4.2. Remove the dial method
The basic process of this program is similar to the above program, but the removal of the background is added to the program. The program puts two photos together and selects the brightest part to realize the separation of the pointer and the dial. The effect is shown in the figure below:
Figure 9. Separate instrument dials. |
After removing the dial, the pointer is more precise and clear. At the same time, when running other instruments, it also has a more prominent performance:
Figure 10. The effect of different gauges after removing the dial. |
Since the logic of this program is to find the longest two sides in the picture as the two sides of the pointer, the threshold for the length of the pointer is not strict. In many cases, setting it to the minimum can also better find the desired variable. , mainly relying on the removal of the background greatly facilitates the reading of the pointer by the program:
Figure 11. Precise identification results of the program. |
This program has achieved good results in terms of modularity and ease of use. Compared with the second program, the reading accuracy has also greatly increased.
5. Conclusion
After a series of data collection and research, there are many ways to use computer vision to read meters, but the general ideas are similar. Methods including removing the background noise of the instrument and enhancing the recognition of the pointer are all preparations for the program to better recognize the readings.

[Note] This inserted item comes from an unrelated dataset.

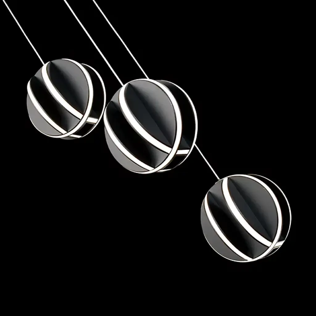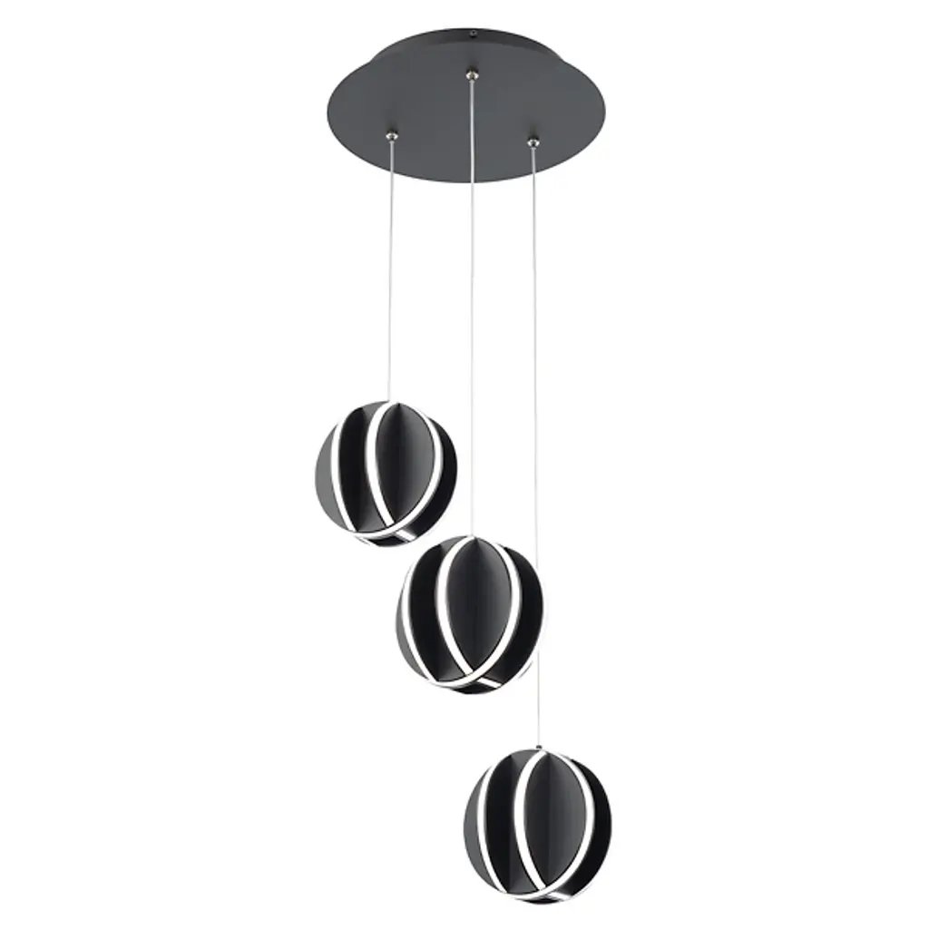 The Carillion LED Multi-Light Pendant from Modern Forms elevates its surroundings with a daring, playful appeal, descending from a circular canopy via a series of slender wires. Three sphere shapes are fashioned from cross-hatched aluminum discs, setting LED lamping inside narrow bays relieved by curving silicone diffusers. The light extends evenly from all angles, adding an inspired intrigue and touches of shadow to the clean-surfaced metal, leaving an inspired, lasting presence.

These simple and easy methods all have a serious drawback, which is that they solidify various information on the dial, making it difficult to read some different instruments. All in all, they lack adaptability and versatility. First of all, a lot of manual preparation is required before identification, which will consume a lot of resources and experience. The solidification of instrument information will make identification more difficult, and it is even difficult to identify some similar instruments.
In contrast, it is very difficult to let the computer automatically analyze the information from these meters and do the automatic analysis, and many current studies have also confirmed this point. The application of various machine learning technologies in computer vision is actually to make the computer's ability to recognize information more versatile and accurate, and to better meet the needs of engineering or life.